Data items
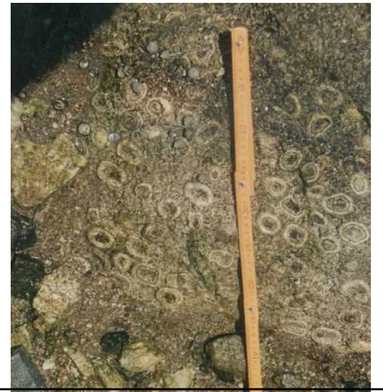
前回も紹介した球状花こう岩
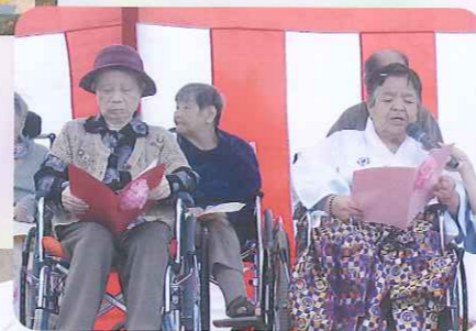
▲詩吟クラブ発表 大きな声で吟じました
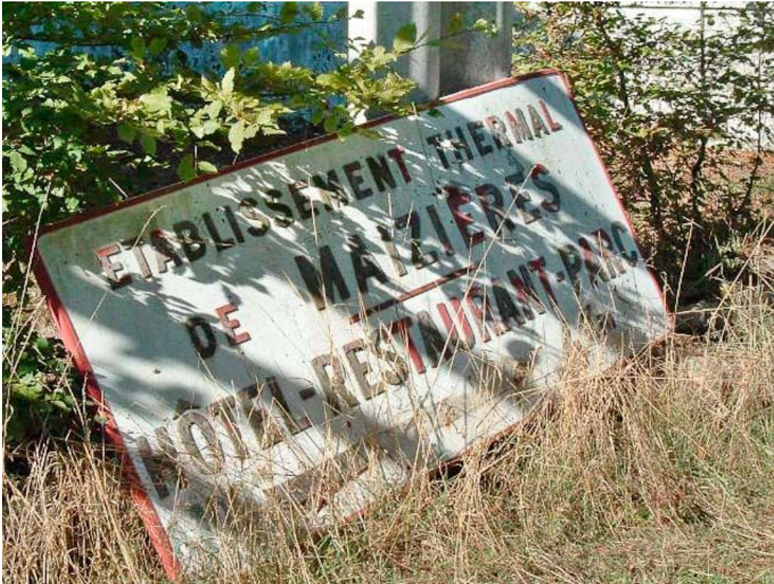
Panneau (ETABLISSEMENT THERMAL DE MAIZIERES HOTEL RESTAURANT).

21, R.D.17 Magnien rue de la Source, lieudit : écart de Maizières
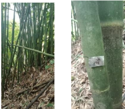
Gambar 5. Bambu Galah ( Gigantochloa atter (Hassk) Kurz ex Munro)

Bambu galah dikawasan HKm Aik Bual merupakan bambu kedua penyebaran terbanyak setelah bambu tali. Sama halnya seperti bambu tali, bambu ini juga tersebar di tepian sungai dan beberapa dilahan garapan. Bambu ini memiliki perawakan dengan warna hijau, pada tiap ruas dibagian atas buku terdapat bulu berwarna putih, sedangkan dibagian bawah buku berwarna hitam (Gambar 4.5 (b)). Jika diperhatikan bambu ini terlihat bersih, karena seludang yang cepat lepas dari buku (Gambar 4.5 (a)), dimana menurut Sutardi et al. (2015) seludang bambu galah akan terlepas dari buku setelah bambu berumur sekitar 6 bulan. Bagian pangkal bambu sampai tinggi tertentu, tidak terdapat ranting yang tumbuh pada buku. Pada bagian pangkal bambu yang dekat dengan permukaan tanah mempunyai akar tepat di bagian bukannya, sedangkan pada bagian buku lainnya tidak demikian.
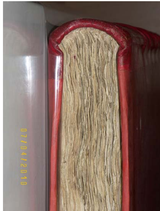
DETALLE LOMO DESP
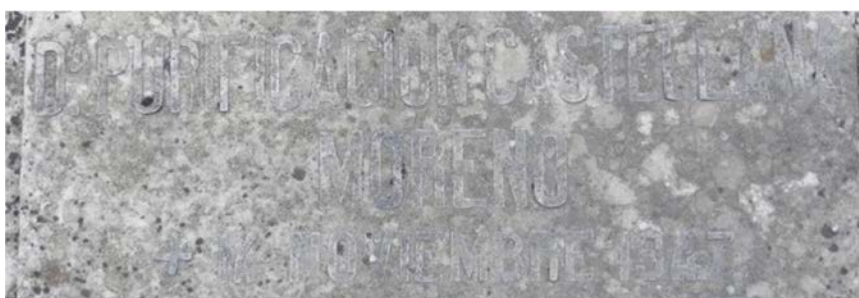
Figura 10: Detalle de la sepultura donde se encuentra enterrada Purificación Castellana Moreno. Sacramental de Santo Justo (Madrid), Sección 2ª del Patio de Santa Gertrudis, número 195.
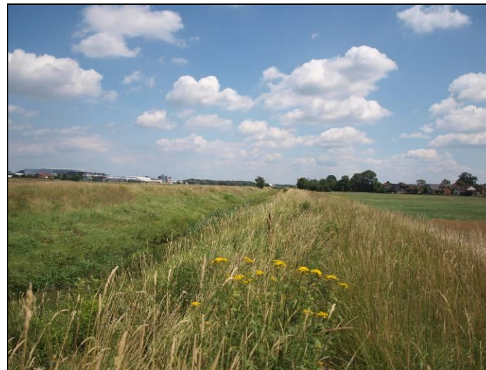
Fot. 11 Dolina Gostyni, widok w kierunku wschodnim
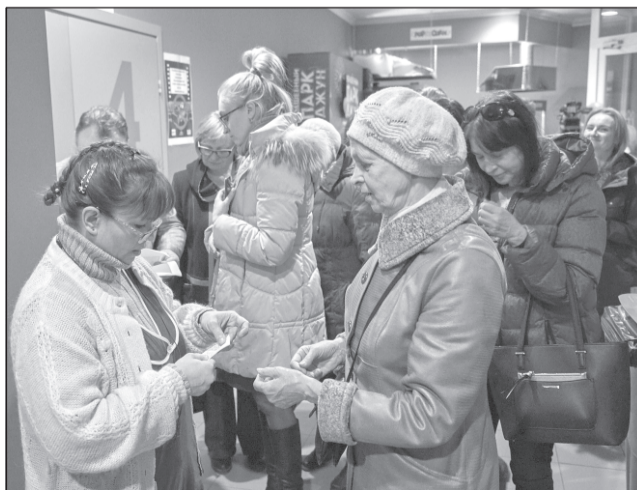
Дни Андрея Тарковского на Ивановской земле
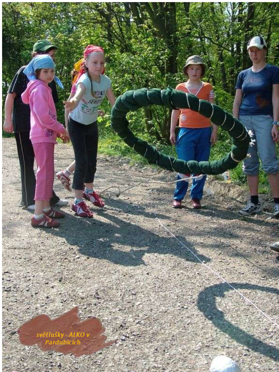
světlušky - ALKO v Pardubicích
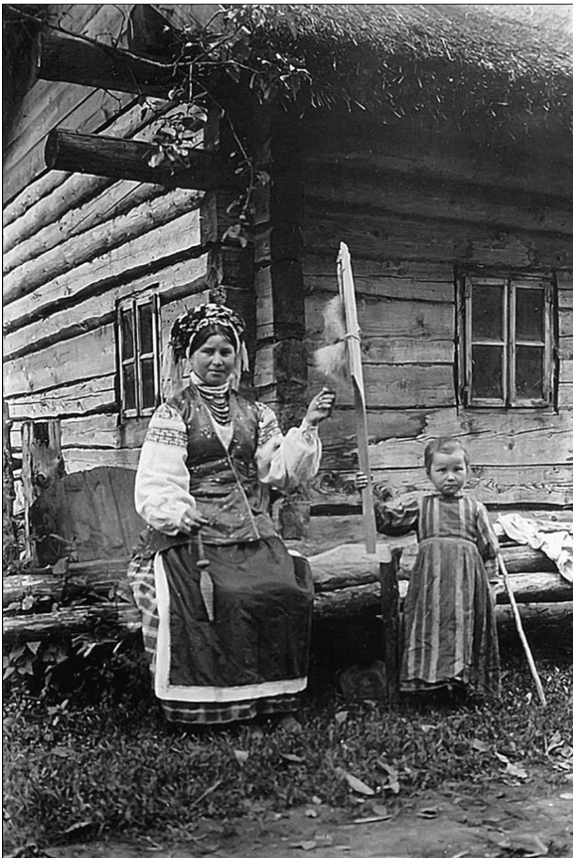
Старик и старуха. Минская область

Ну, ночь настала, сын в лес поехал снова, взял отца и привез домой. Через год случилось, что град жито побил и нечего было даже посеять. Сын и говорит отцу:

• **WHAT YOU HAVE TO DO**:
The lines above from the line with "21, R.D.17 Magnien" through the line with "Gambar 5. Bambu" are to be given again word for word, with no pictures among them.

• **EXERCISE OUTPUT**:
21, R.D.17 Magnien rue de la Source, lieudit : écart de Maizières
Gambar 5. Bambu Galah ( Gigantochloa atter (Hassk) Kurz ex Munro)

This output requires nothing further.